Jerry Hough, a political science professor at Duke University in Durham, North Carolina, found himself in trouble for a comment he left in response to an editorial in the New York Times. A self-described admirer of Martin Luther King, Jr., Hough nevertheless was reprimanded for using the term “blacks” instead of “African Americans.” The vice president for Public Affairs and Government Affairs at Duke, Michael Schoenfield, said the comments “were noxious, offensive, and have no place in civil discourse.”

Another way in which progressive academics narrow the range of acceptable thought is through their control of academic publications. “Publish or perish” is the criteria by which many professors are judged. Yet, whatever is published must conform to a narrow range of thought within the liberal worldview.
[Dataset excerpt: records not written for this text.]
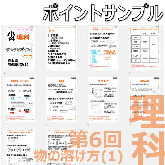 (PDF 予シリのポイント)4年下 理科 第6回(化学) 物の溶け方(1) ダウンロードファイル
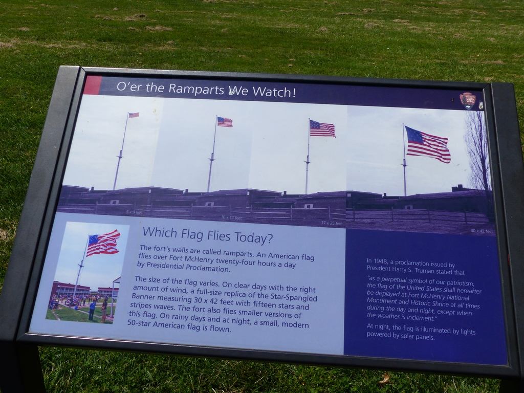 On vous a photograhié le panneau explicatif sur le drapeau américain qui flotte en permanence à l’entrée du fort. Sa taille dépend du vent, s’il pleut et s’il fait nuit. il faut dire que le plus grand ne peut être déployé qu’en l’absence de vent et necessite la présence de 16 soldats pour cette manoeuvre. Sa taille et son poids oblige d’ailleurs à ce qu’il soit roulé et non plié en triangle comme le veut la tradition.
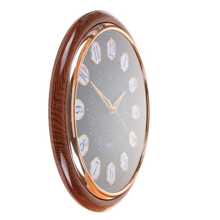 Часы настенные «Цифры в овалах», чёрный циф-т, обод под дерево, коричневые, d=41 см
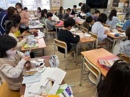 3月5日(水)1時間目、3年1組は理科でおもちゃを作っていました。

The so-called peer review process, by which fellow academics determine whether an article can even be published, is often used to stop publication of articles in academic journals which express doubt about man-made global warming, or other such issues for which liberals have decided “the debate is over.”

Would it not be better and more open-minded for a liberal academic to simply write an article disputing a conservative viewpoint, rather than censoring such a view from even being published?

Certainly, private institutions should be free to censor, if that is what they want to do. But they should not then proclaim themselves champions of academic freedom. If the university is supposed to be a place where there is a search for truth, then that search should not be confined to the world of progressive liberalism. Public institutions, supported by the taxpayers, should definitely strive to represent a wider variety of views than what one might expect in a debate between Hillary Clinton and Bernie Sanders.